DATA TO USE:
▼

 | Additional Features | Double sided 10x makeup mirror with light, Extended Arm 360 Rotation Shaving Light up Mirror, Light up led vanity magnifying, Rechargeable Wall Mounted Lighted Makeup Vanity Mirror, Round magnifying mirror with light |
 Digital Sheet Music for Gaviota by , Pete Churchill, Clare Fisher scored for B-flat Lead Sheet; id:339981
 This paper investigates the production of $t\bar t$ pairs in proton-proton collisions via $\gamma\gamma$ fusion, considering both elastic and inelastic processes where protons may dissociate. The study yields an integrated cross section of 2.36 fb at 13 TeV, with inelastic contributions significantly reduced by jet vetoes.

▲
▼

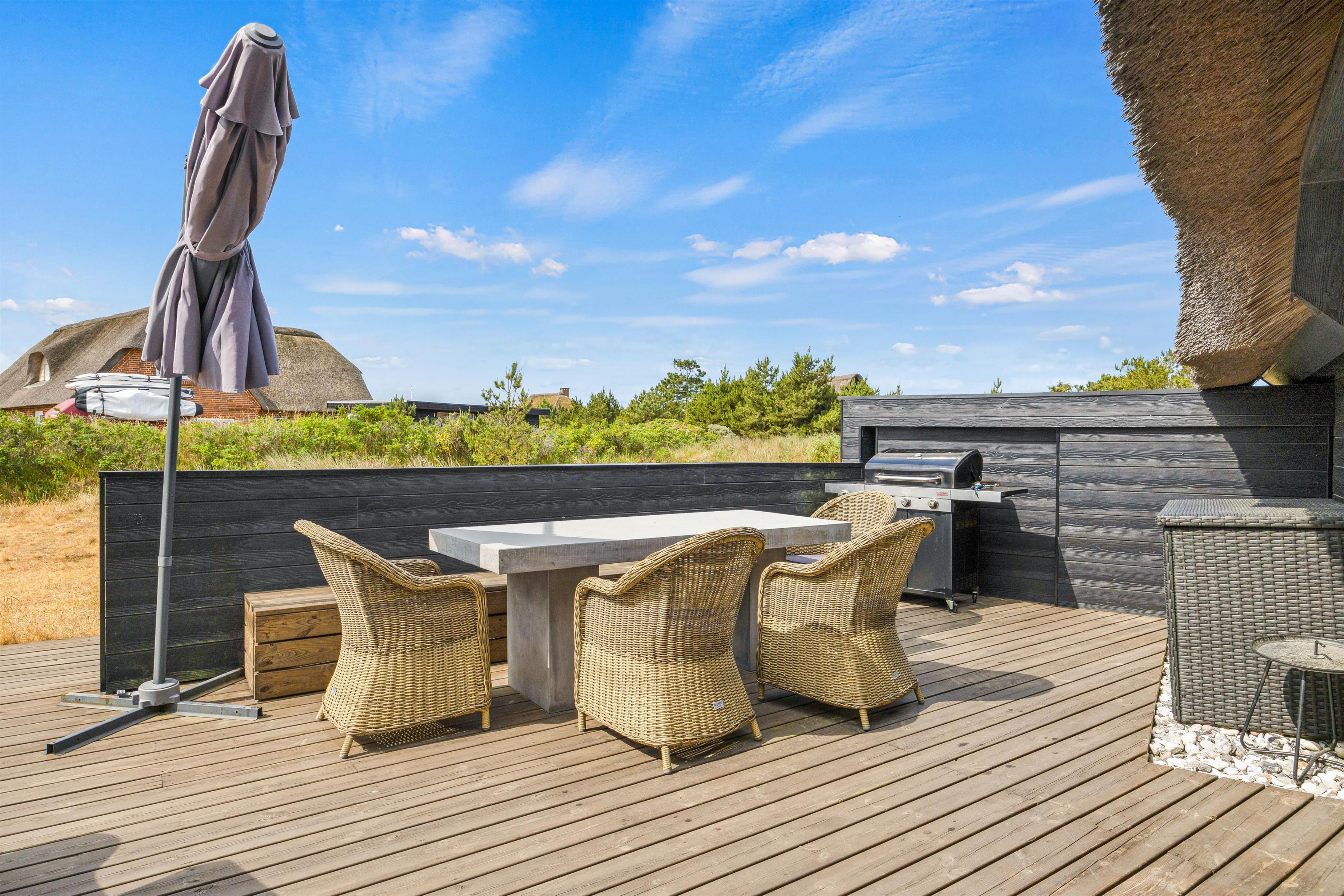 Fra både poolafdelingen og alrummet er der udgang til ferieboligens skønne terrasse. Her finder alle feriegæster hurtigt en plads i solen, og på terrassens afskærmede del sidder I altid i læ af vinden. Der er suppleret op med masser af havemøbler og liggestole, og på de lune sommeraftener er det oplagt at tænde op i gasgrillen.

▲

PROBLEM DESCRIPTION:
For each line in the material above that contains the string "with", make a copy.

EXERCISE RESPONSE:
 | Additional Features | Double sided 10x makeup mirror with light, Extended Arm 360 Rotation Shaving Light up Mirror, Light up led vanity magnifying, Rechargeable Wall Mounted Lighted Makeup Vanity Mirror, Round magnifying mirror with light |
 This paper investigates the production of $t\bar t$ pairs in proton-proton collisions via $\gamma\gamma$ fusion, considering both elastic and inelastic processes where protons may dissociate. The study yields an integrated cross section of 2.36 fb at 13 TeV, with inelastic contributions significantly reduced by jet vetoes.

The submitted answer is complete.